To us, it’s unquestionable that all questions are good, and all questioning innocent.
But this is too simple.
Yes, questions are an indispensable tool for gaining knowledge. True - the Christian church had to learn the hard lesson of what happens when legitimate questions (particularly from its youth) are ignored, dismissed, or too hastily answered.
However, despite all this, there are such things as bad questions – questions based on false assumptions, questions that presuppose their own answer, questions asked out of false motives, questions that don’t fit their object, etc.

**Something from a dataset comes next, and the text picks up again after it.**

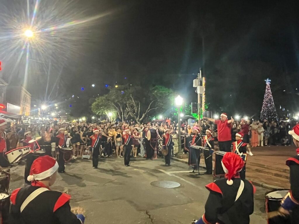 Nesta quinta-feira, 18 de dezembro, a Praça Pedro Sanches será palco de um dos destaques do Natal Poços de Luz. A partir das 19h, a já tradicional Parada de Natal vai apresentar nove agremiações de escolas e instituições, com suas fanfarras desfilando canções natalinas e também clássicos da música mundial, além do Clube do Fusca e da aguardada apresentação dos Artêros de Luz.

In the quote below, theologian Thomas F. Torrance helps us see the difference between good and bad questions:
What, then, is the nature of true questioning? A genuine question is one properly open to the object of inquiry, but a question cannot be open to the object of inquiry if it is foreclosed from behind [before-hand]. Hence to be genuine, a question must allow itself to be called in question; it must be ready for reconstruction in light of what the inquiry reveals.
What Torrance is saying is that when you ask a question, you do so because, presumably, you do not yet know the answer! And if that’s true, then authentic questions require 1) that we be truly open to receiving new information or knowledge, and 2) that we allow such new knowledge potentially to challenge or revise our original question and previous assumptions.
The open nature of a true question is especially important when the ‘object of inquiry’ is God. For “the more ultimate” the question, “the more completely” the questioner must let “himself and all his prior understanding be called into question.”
(Thomas F. Torrance, ‘Questioning in Christ,’ in Theology in Reconstruction, 123-124).
This is one of the points I was trying to make in the first Advent sermon yesterday in which we looked at the most fundamental question we can ask God - the question of his reality or existence.
Of course, it’s vitally important to call people to ask such questions when (not if) they have them. As Francis Schaeffer put it, the “donkey of devotion” can only bear so many unanswered questions before it lies down and dies. In Scripture, God’s people are always voicing their questions about God to God; just read Job or the Psalms. God’s people today must exercise the same freedom within their Christian communities.
But we also have to be aware of the opposite problem, of how our questioning of God can become unhelpful. That’s what I tried to address some yesterday.
We should ask our questions honestly; and with the kind of genuine openness and humility Torrance recommends above.